# RECORDS SUPPLIED
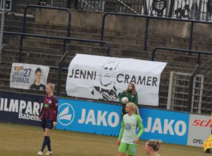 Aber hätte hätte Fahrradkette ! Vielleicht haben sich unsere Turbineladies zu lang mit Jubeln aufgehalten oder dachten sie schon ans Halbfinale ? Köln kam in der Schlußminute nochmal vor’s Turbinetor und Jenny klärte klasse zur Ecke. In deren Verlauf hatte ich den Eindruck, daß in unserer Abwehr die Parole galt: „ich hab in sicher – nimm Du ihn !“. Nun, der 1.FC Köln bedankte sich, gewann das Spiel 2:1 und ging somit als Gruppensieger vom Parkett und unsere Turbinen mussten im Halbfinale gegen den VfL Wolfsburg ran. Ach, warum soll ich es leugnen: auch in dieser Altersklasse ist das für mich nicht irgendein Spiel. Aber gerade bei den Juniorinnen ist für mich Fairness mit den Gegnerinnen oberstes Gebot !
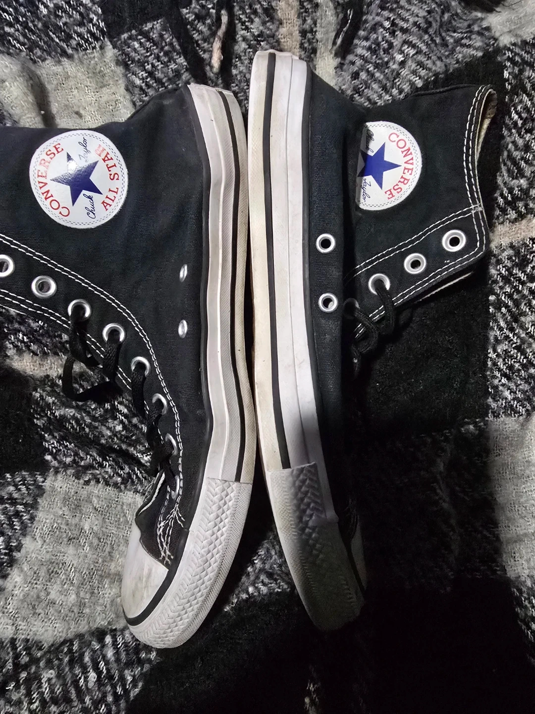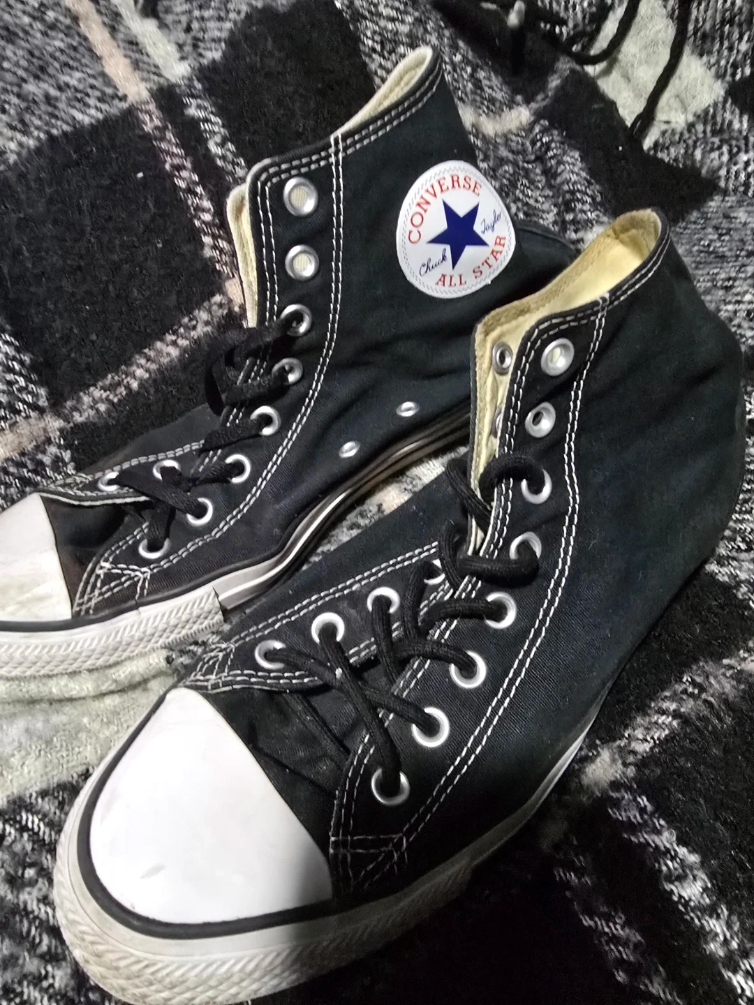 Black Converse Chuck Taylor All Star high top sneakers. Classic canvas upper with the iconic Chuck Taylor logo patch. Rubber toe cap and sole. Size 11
--
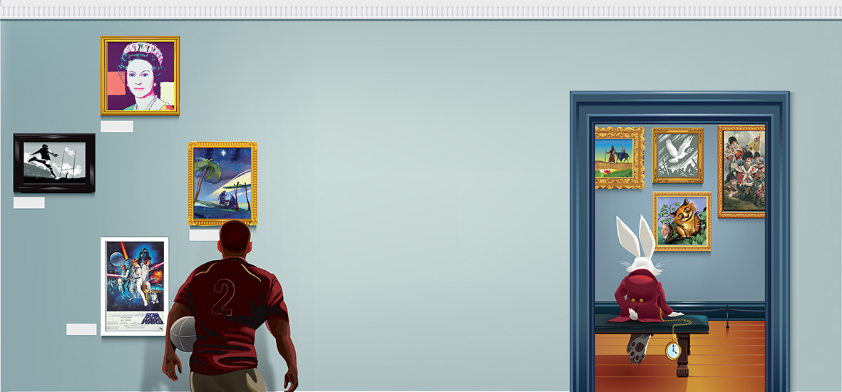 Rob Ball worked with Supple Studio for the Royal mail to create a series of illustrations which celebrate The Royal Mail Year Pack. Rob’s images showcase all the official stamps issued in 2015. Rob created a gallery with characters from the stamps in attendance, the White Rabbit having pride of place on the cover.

# ASSIGNED TASK
Within the listing above, the lines from the one with "Aber hätte hätte" through the one with "Black Converse Chuck" are to be given again word for word. Do not include pictures.

# ANSWER BELOW
 Aber hätte hätte Fahrradkette ! Vielleicht haben sich unsere Turbineladies zu lang mit Jubeln aufgehalten oder dachten sie schon ans Halbfinale ? Köln kam in der Schlußminute nochmal vor’s Turbinetor und Jenny klärte klasse zur Ecke. In deren Verlauf hatte ich den Eindruck, daß in unserer Abwehr die Parole galt: „ich hab in sicher – nimm Du ihn !“. Nun, der 1.FC Köln bedankte sich, gewann das Spiel 2:1 und ging somit als Gruppensieger vom Parkett und unsere Turbinen mussten im Halbfinale gegen den VfL Wolfsburg ran. Ach, warum soll ich es leugnen: auch in dieser Altersklasse ist das für mich nicht irgendein Spiel. Aber gerade bei den Juniorinnen ist für mich Fairness mit den Gegnerinnen oberstes Gebot !
 Black Converse Chuck Taylor All Star high top sneakers. Classic canvas upper with the iconic Chuck Taylor logo patch. Rubber toe cap and sole. Size 11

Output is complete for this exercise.